Step 5: Modify resource configurations

In the Change Resource Configuration section at the bottom of the profile details page, you can modify the resource configuration based on the suggested values generated by resource profiling.

The following table describes the columns. 资源变更

Parameter	Description
Resource Request	The original resource request of the container.
Resource Limit	The original resource limit of the container.
Profile Value	The resource request that is suggested by ACK.
Resource Redundancy Rate	The resource redundancy rate that is specified in the resource profiling policy. You can specify the new resource request based on the redundancy rate and the suggested resource request.
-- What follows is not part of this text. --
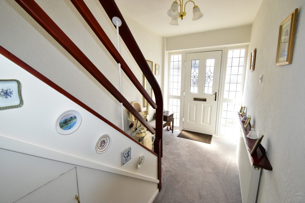 With stairs to the first floor landing, access to the living room and dining kitchen, radiator, power and ceiling light points.

In the preceding figure, the new CPU request is calculated based on the following formula: 4.28 CPU cores × (1 + 30%) = 5.6 CPU cores.
New Resource Request	The new resource request that you want to use.
New Resource Limit	The new resource limit that you want to use. If topology-aware CPU scheduling is enabled for the workload, the CPU limit must be an integer.

After you set the parameters, click Submit. The system starts to update the resource configuration of the workload. You are redirected to the details page of the workload.
After the resource configuration is updated, the controller performs a rolling update for the workload and recreates the pods.
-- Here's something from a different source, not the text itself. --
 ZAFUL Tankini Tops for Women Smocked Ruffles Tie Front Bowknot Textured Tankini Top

Use resource profiling with the CLI

Step 1: Enable resource profiling

Use the following YAML template to create a file named recommendation-profile.yaml and enable resource profiling for your workloads.

You can use the RecommendationProfile CRD to generate resource profiles for your workloads and obtain resource configuration suggestions. You can specify the namespaces and workload types to which a RecommendationProfile CRD is applied.

apiVersion: autoscaling.alibabacloud.com/v1alpha1
kind: RecommendationProfile
metadata:
  # The name of the RecommendationProfile CRD. If you want to create a non-namespaced RecommendationProfile CRD, do not specify a namespace. 
  name: profile-demo
spec:
  # The workload types for which you want to enable resource profiling. 
  controllerKind:
  - Deployment
  # The namespaces for which you want to enable resource profiling. 
  enabledNamespaces:
  - default

The following table describes the parameters in the YAML template.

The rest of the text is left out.